• WORK REQUEST:
Starting with the first line below, extract each line through the one that contains "Odoo es un sistema", inclusive, excluding pictures.

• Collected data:
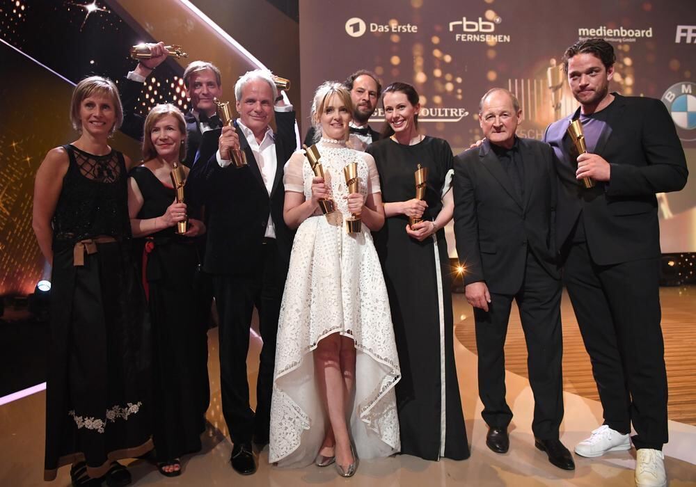 Das Filmteam von »Der Staat gegen Fritz Bauer« steht in Berlin bei der Verleihung des Deutschen Filmpreises, der Lola, auf der Bühne.
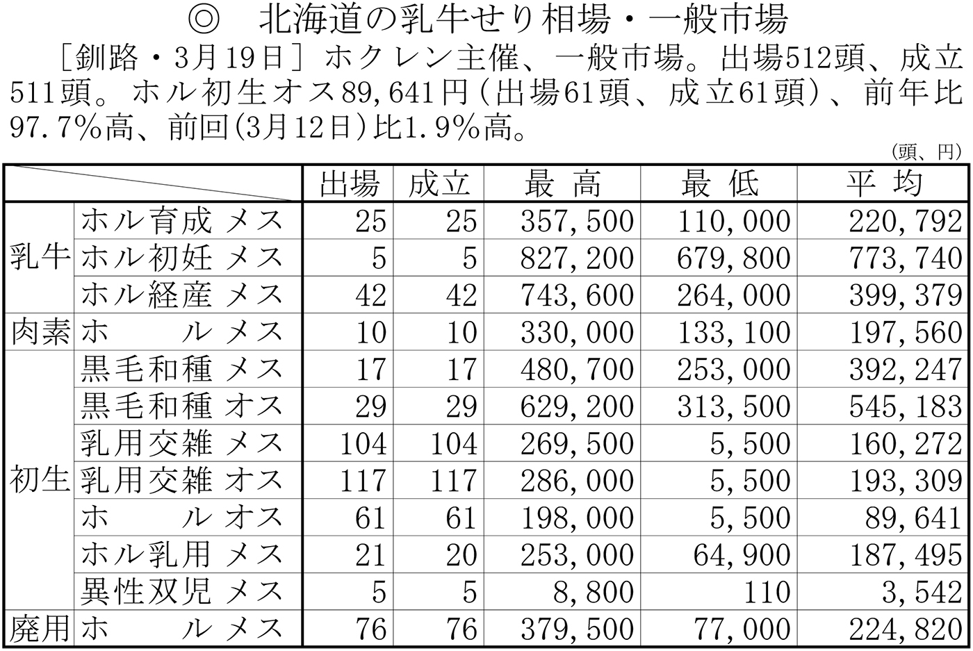 北海道の乳牛せり相場・一般市場(釧路・3月19日)
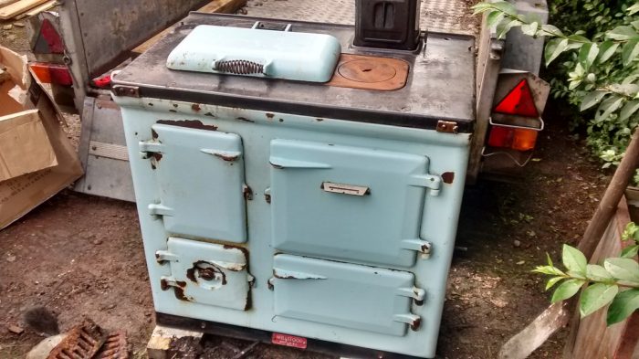 It seems that concentrating on range cookers for a while seems to be attracting them. Until a couple of weeks ago we’d never heard of the Wellstood Two (or WD 36) stove, and then having just put one in, out of the blue we are very kindly offered another. This second one has had a somewhat harder time than the first, having been outside for over three years, but these things are incredibly resilient, and after a bit of a superficial clean, it is probably usable, though the boiler is most likely done.
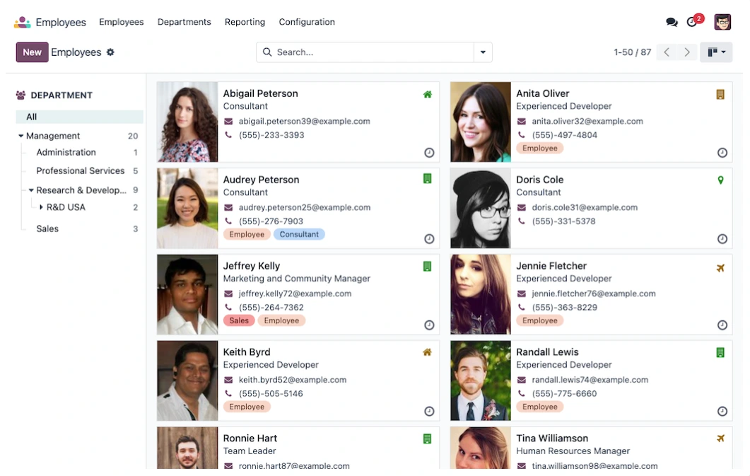 Odoo es un sistema ERP y CRM todo‑en‑uno con una solución de RRHH completa: publica ofertas de empleo, gestiona procesos de selección, contratos, ausencias, partes de horas y mucho más desde una única aplicación fácil de usar.
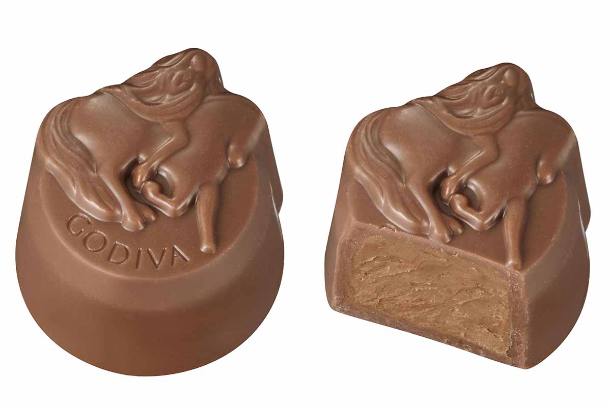 また、「ゴディバ」のシンボルマークにも馬が描かれています。領民のために自らを犠牲にした11世紀の英国の伯爵夫人レディ・ゴディバの勇気と深い愛に感銘した創始者がブランド名に冠し、彼女が領民を救うために馬にまたがった姿を描いたものです。
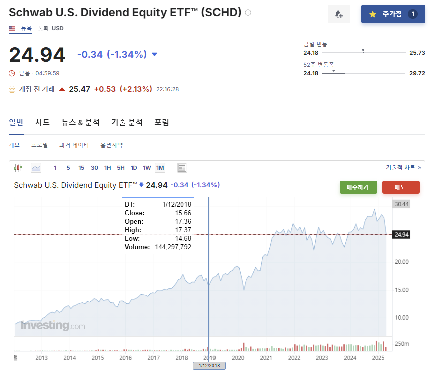 • 배당이 지속 증가하길 원한다면 → SCHD
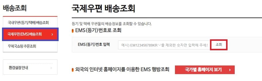 1. 국제우편(EMS) 배송조회 탭을 클릭합니다.
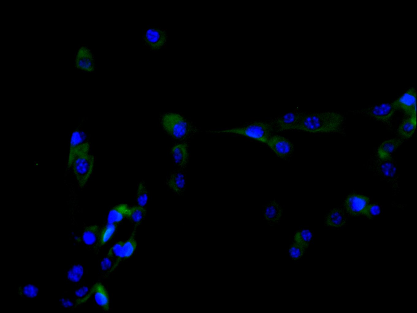 • Immunofluorescence staining of NIH/3T3 cell with CSB-RA024405MA5HU at 1:30 ,counter-stained with DAPI. The cells were fixed in 4% formaldehyde and blocked in 10% normal Goat Serum. The cells were then incubated with the antibody overnight at 4°C. The secondary antibody was Fluorescein (FITC) AffiniPure Goat Anti-Human IgG, Fcγ fragment specific.
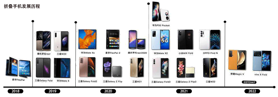 1974年-2018年,从一项深居实验室的”Gyricon”柔性电子纸显示屏技术-柔宇FlexPai全球首发,打开了手机的新形式-折叠屏。再到折叠屏手机神仙打架的2021年。三星用UTG取代CP,多角度自由旋转铰链技术,装甲铝材料创造了更耐用的机身,创造了折叠屏幕手机新的水平;华为MateX2采用了新的内部折叠设计,成为了高端折叠屏幕手机的天花板;OPPOFindN将折叠屏幕手机从新的数字技术玩具演变为具有实际使用价值的折叠屏幕手机,可用于日常生活。即使是用户评论褒贬不一的小米MIXFold,也标志着MIUI版折叠手机的起点,具有积极意义。2022年1月10日晚,荣耀发布了第一款折叠屏幕产品Magicv,华为、vivo、小米折叠屏幕手机也将发布旗下新款折叠屏手机。

• ANSWER BELOW:
 Das Filmteam von »Der Staat gegen Fritz Bauer« steht in Berlin bei der Verleihung des Deutschen Filmpreises, der Lola, auf der Bühne.
 北海道の乳牛せり相場・一般市場(釧路・3月19日)
 It seems that concentrating on range cookers for a while seems to be attracting them. Until a couple of weeks ago we’d never heard of the Wellstood Two (or WD 36) stove, and then having just put one in, out of the blue we are very kindly offered another. This second one has had a somewhat harder time than the first, having been outside for over three years, but these things are incredibly resilient, and after a bit of a superficial clean, it is probably usable, though the boiler is most likely done.
 Odoo es un sistema ERP y CRM todo‑en‑uno con una solución de RRHH completa: publica ofertas de empleo, gestiona procesos de selección, contratos, ausencias, partes de horas y mucho más desde una única aplicación fácil de usar.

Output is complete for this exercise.